Apresentação cover no Hallyu Rio 2019. Crédito: Bruno Antonucci.

Em meio a sua vivência da cena, como o Rio de Janeiro se estruturou como um espaço focal da experiência brasileira da Onda Coreana? Entre erros e acertos, podemos considerar o Rio um campo em ascensão para a Coreia do Sul em termos culturais?

DP: A Onda Coreana cresceu no Rio de Janeiro a partir do fã-para-fã, onde muitos deles procuraram fomentar, divulgar e atrair novos fãs para a comunidade, tanto em espaços públicos, quanto na própria internet, esta última especialmente com sites e grupos virados apenas para o Rio de Janeiro. E, de dez anos pra cá, que foi quando a Onda realmente se expandiu, diversos shows de K-pop, atividades coreanas e eventos foram realizados no estado, porque os fãs conseguiram mostrar o grande potencial e número de interessados que existe aqui. Muitas das vezes de forma não-oficial, se utilizando apenas de páginas na internet ou de pequenas pesquisas locais, especialmente com votos e concursos para criar esse burburinho. Os primeiros shows realizados aqui no estado provaram o interesse do público, já que, mesmo quando eram apresentações de grupos muito pouco conhecidos no K-pop (alguns destes que às vezes não tinham grande reconhecimento nem mesmo na Coreia do Sul),realizavam apresentações aqui no Rio com um público bem bacana. É um esforço direto da comunidade carioca para esquentar esse circuito.
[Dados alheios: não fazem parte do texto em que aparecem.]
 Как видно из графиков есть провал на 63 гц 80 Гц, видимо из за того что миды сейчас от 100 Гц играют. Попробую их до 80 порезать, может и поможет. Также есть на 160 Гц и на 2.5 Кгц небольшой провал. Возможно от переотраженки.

Público do Hallyu Rio 2019 durante uma atividade sobre dramas sul-coreanos. Crédito: Bruno Antonucci.

A cada atividade, a cada show, a cada recorde de público em eventos que era batido, os produtores de evento, tanto da Coreia quanto de outros estados brasileiros, começaram a ficar mais atentos ao Rio. Até mesmo o Centro Cultural Coreano no Brasil e a própria Embaixada da Coreia começaram a reconhecer o Rio de Janeiro como um estado em potencial para eventos culturais sul-coreanos. Contudo, ainda estamos em um processo de ascensão, eu diria que o Rio de Janeiro ainda não é um polo para quem ama cultura coreana, a gente ainda não tem atividades consolidadas a esse ponto. Obviamente, hoje temos muito mais eventos do que tínhamos antes, mas eu acredito que ainda não sejam o suficiente em comparação a extensão da cultura sul-coreana em si.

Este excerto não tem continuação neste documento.